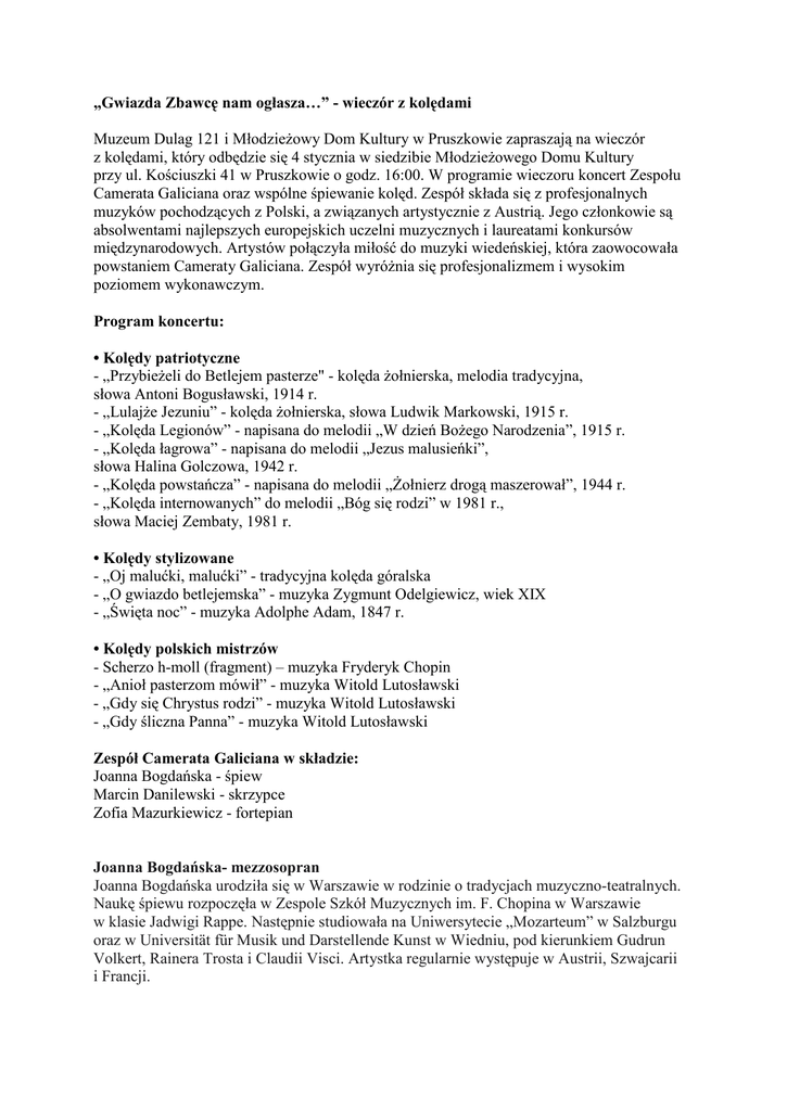 „Gwiazda Zbawcę nam ogłasza…” - wieczór z kolędami Muzeum Dulag 121 i Młodzieżowy Dom Kultury w Pruszkowie zapraszają na wieczór z kolędami, który odbędzie się 4 stycznia w siedzibie Młodzieżowego Domu Kultury przy ul. Kościuszki 41 w Pruszkowie o godz. 16:00. W programie wieczoru koncert Zespołu Camerata Galiciana oraz wspólne śpiewanie kolęd. Zespół składa się z profesjonalnych muzyków pochodzących z Polski, a związanych artystycznie z Austrią. Jego członkowie są absolwentami najlepszych europejskich uczelni muzycznych i laureatami konkursów międzynarodowych. Artystów połączyła miłość do muzyki wiedeńskiej, która zaowocowała powstaniem Cameraty Galiciana. Zespół wyróżnia się profesjonalizmem i wysokim poziomem wykonawczym. Program koncertu: • Kolędy patriotyczne - „Przybieżeli do Betlejem pasterze" - kolęda żołnierska, melodia tradycyjna, słowa Antoni Bogusławski, 1914 r. - „Lulajże Jezuniu” - kolęda żołnierska, słowa Ludwik Markowski, 1915 r. - „Kolęda Legionów” - napisana do melodii „W dzień Bożego Narodzenia”, 1915 r. - „Kolęda łagrowa” - napisana do melodii „Jezus malusieńki”, słowa Halina Golczowa, 1942 r. - „Kolęda powstańcza” - napisana do melodii „Żołnierz drogą maszerował”, 1944 r. - „Kolęda internowanych” do melodii „Bóg się rodzi” w 1981 r., słowa Maciej Zembaty, 1981 r. • Kolędy stylizowane - „Oj malućki, malućki” - tradycyjna kolęda góralska - „O gwiazdo betlejemska” - muzyka Zygmunt Odelgiewicz, wiek XIX - „Święta noc” - muzyka Adolphe Adam, 1847 r. • Kolędy polskich mistrzów - Scherzo h-moll (fragment) – muzyka Fryderyk Chopin - „Anioł pasterzom mówił” - muzyka Witold Lutosławski - „Gdy się Chrystus rodzi” - muzyka Witold Lutosławski - „Gdy śliczna Panna” - muzyka Witold Lutosławski Zespół Camerata Galiciana w składzie: Joanna Bogdańska - śpiew Marcin Danilewski - skrzypce Zofia Mazurkiewicz - fortepian Joanna Bogdańska- mezzosopran Joanna Bogdańska urodziła się w Warszawie w rodzinie o tradycjach muzyczno-teatralnych. Naukę śpiewu rozpoczęła w Zespole Szkół Muzycznych im. F. Chopina w Warszawie w klasie Jadwigi Rappe. Następnie studiowała na Uniwersytecie „Mozarteum” w Salzburgu oraz w Universität für Musik und Darstellende Kunst w Wiedniu, pod kierunkiem Gudrun Volkert, Rainera Trosta i Claudii Visci. Artystka regularnie występuje w Austrii, Szwajcarii i Francji. Marcin Danilewski - skrzypce Marcin Danilewski urodził się w Warszawie w rodzinie o tradycjach muzycznych. Już w wieku czterech lat rozpoczął naukę gry na skrzypcach. Ukończył studia muzyczne w Warszawie pod kierunkiem prof. Krzysztofa Jakowicza i w słynnym „Mozarteum” w Salzburgu w klasie prof. Igora Ozima. Koncertował jako solista i kameralista we wszystkich krajach Europy. Jest koncertmistrzem Cameraty Pontresina (Szwajcaria) i Filharmonii Wrocławskiej. Zofia Mazurkiewicz - fortepian Zofia Mazurkiewicz jest absolwentką Akademii Muzycznej we Wrocławiu oraz Royal Conservatoire of Scotland. Należy do Akademii Operowej przy Teatrze Wielkim - Operze Narodowej. Jest laureatką I nagrody na Ogólnopolskim Konkursie Kameralistyki Fortepianowej w Częstochowie. Współpracuje z solistami, zespołami operowymi oraz chórami w kraju i za granicą.
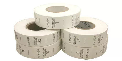 Đây là loại tem rất phổ biến trong ngành may mặc – quà tặng – thời trang cao cấp, và có nhiều cách gọi khác nhau nên mình cần phân biệt rõ. Nhãn in ruy băng (còn gọi là tem nhãn giấy mềm, tem lụa in, ribbon label) là loại nhãn vải giống như giấy vải, mềm mịn như dải ruy băng, dùng để in thông tin thương hiệu, hướng dẫn sử dụng, thành phần vải, thông tin size, hoặc logo gắn trên sản phẩm quần áo may mặc, giày da, túi sách, sản phẩm nội thất.
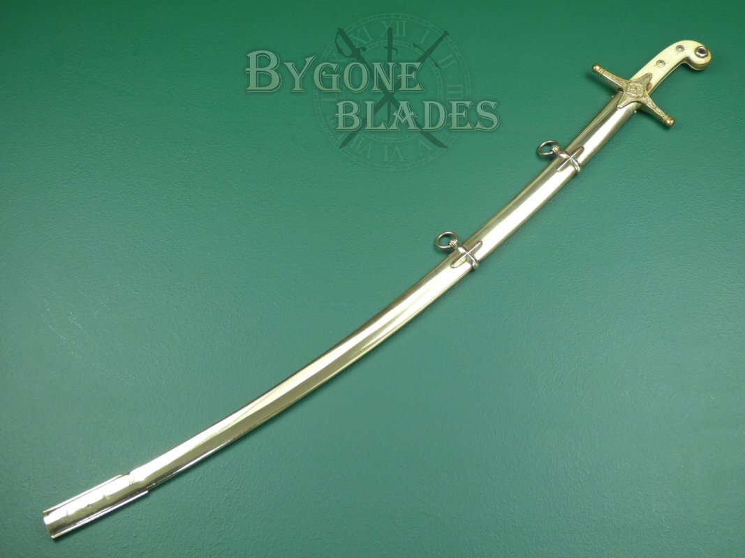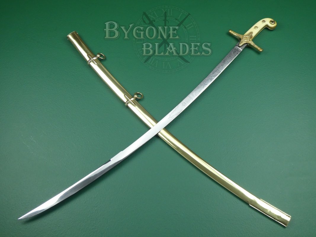 The sabre is complete with its heavy duty gilt brass scabbard with two hanging rings. The scabbard is in very good condition. The sabre draws and sheathes smoothly and is held firmly within the scabbard.
· · ·
■ **Instructions for the task**: Transcribe all of the material exactly, leaving out whatever pictures it contains.

■ **Written answer**:
 „Gwiazda Zbawcę nam ogłasza…” - wieczór z kolędami Muzeum Dulag 121 i Młodzieżowy Dom Kultury w Pruszkowie zapraszają na wieczór z kolędami, który odbędzie się 4 stycznia w siedzibie Młodzieżowego Domu Kultury przy ul. Kościuszki 41 w Pruszkowie o godz. 16:00. W programie wieczoru koncert Zespołu Camerata Galiciana oraz wspólne śpiewanie kolęd. Zespół składa się z profesjonalnych muzyków pochodzących z Polski, a związanych artystycznie z Austrią. Jego członkowie są absolwentami najlepszych europejskich uczelni muzycznych i laureatami konkursów międzynarodowych. Artystów połączyła miłość do muzyki wiedeńskiej, która zaowocowała powstaniem Cameraty Galiciana. Zespół wyróżnia się profesjonalizmem i wysokim poziomem wykonawczym. Program koncertu: • Kolędy patriotyczne - „Przybieżeli do Betlejem pasterze" - kolęda żołnierska, melodia tradycyjna, słowa Antoni Bogusławski, 1914 r. - „Lulajże Jezuniu” - kolęda żołnierska, słowa Ludwik Markowski, 1915 r. - „Kolęda Legionów” - napisana do melodii „W dzień Bożego Narodzenia”, 1915 r. - „Kolęda łagrowa” - napisana do melodii „Jezus malusieńki”, słowa Halina Golczowa, 1942 r. - „Kolęda powstańcza” - napisana do melodii „Żołnierz drogą maszerował”, 1944 r. - „Kolęda internowanych” do melodii „Bóg się rodzi” w 1981 r., słowa Maciej Zembaty, 1981 r. • Kolędy stylizowane - „Oj malućki, malućki” - tradycyjna kolęda góralska - „O gwiazdo betlejemska” - muzyka Zygmunt Odelgiewicz, wiek XIX - „Święta noc” - muzyka Adolphe Adam, 1847 r. • Kolędy polskich mistrzów - Scherzo h-moll (fragment) – muzyka Fryderyk Chopin - „Anioł pasterzom mówił” - muzyka Witold Lutosławski - „Gdy się Chrystus rodzi” - muzyka Witold Lutosławski - „Gdy śliczna Panna” - muzyka Witold Lutosławski Zespół Camerata Galiciana w składzie: Joanna Bogdańska - śpiew Marcin Danilewski - skrzypce Zofia Mazurkiewicz - fortepian Joanna Bogdańska- mezzosopran Joanna Bogdańska urodziła się w Warszawie w rodzinie o tradycjach muzyczno-teatralnych. Naukę śpiewu rozpoczęła w Zespole Szkół Muzycznych im. F. Chopina w Warszawie w klasie Jadwigi Rappe. Następnie studiowała na Uniwersytecie „Mozarteum” w Salzburgu oraz w Universität für Musik und Darstellende Kunst w Wiedniu, pod kierunkiem Gudrun Volkert, Rainera Trosta i Claudii Visci. Artystka regularnie występuje w Austrii, Szwajcarii i Francji. Marcin Danilewski - skrzypce Marcin Danilewski urodził się w Warszawie w rodzinie o tradycjach muzycznych. Już w wieku czterech lat rozpoczął naukę gry na skrzypcach. Ukończył studia muzyczne w Warszawie pod kierunkiem prof. Krzysztofa Jakowicza i w słynnym „Mozarteum” w Salzburgu w klasie prof. Igora Ozima. Koncertował jako solista i kameralista we wszystkich krajach Europy. Jest koncertmistrzem Cameraty Pontresina (Szwajcaria) i Filharmonii Wrocławskiej. Zofia Mazurkiewicz - fortepian Zofia Mazurkiewicz jest absolwentką Akademii Muzycznej we Wrocławiu oraz Royal Conservatoire of Scotland. Należy do Akademii Operowej przy Teatrze Wielkim - Operze Narodowej. Jest laureatką I nagrody na Ogólnopolskim Konkursie Kameralistyki Fortepianowej w Częstochowie. Współpracuje z solistami, zespołami operowymi oraz chórami w kraju i za granicą.
 Đây là loại tem rất phổ biến trong ngành may mặc – quà tặng – thời trang cao cấp, và có nhiều cách gọi khác nhau nên mình cần phân biệt rõ. Nhãn in ruy băng (còn gọi là tem nhãn giấy mềm, tem lụa in, ribbon label) là loại nhãn vải giống như giấy vải, mềm mịn như dải ruy băng, dùng để in thông tin thương hiệu, hướng dẫn sử dụng, thành phần vải, thông tin size, hoặc logo gắn trên sản phẩm quần áo may mặc, giày da, túi sách, sản phẩm nội thất.
 The sabre is complete with its heavy duty gilt brass scabbard with two hanging rings. The scabbard is in very good condition. The sabre draws and sheathes smoothly and is held firmly within the scabbard.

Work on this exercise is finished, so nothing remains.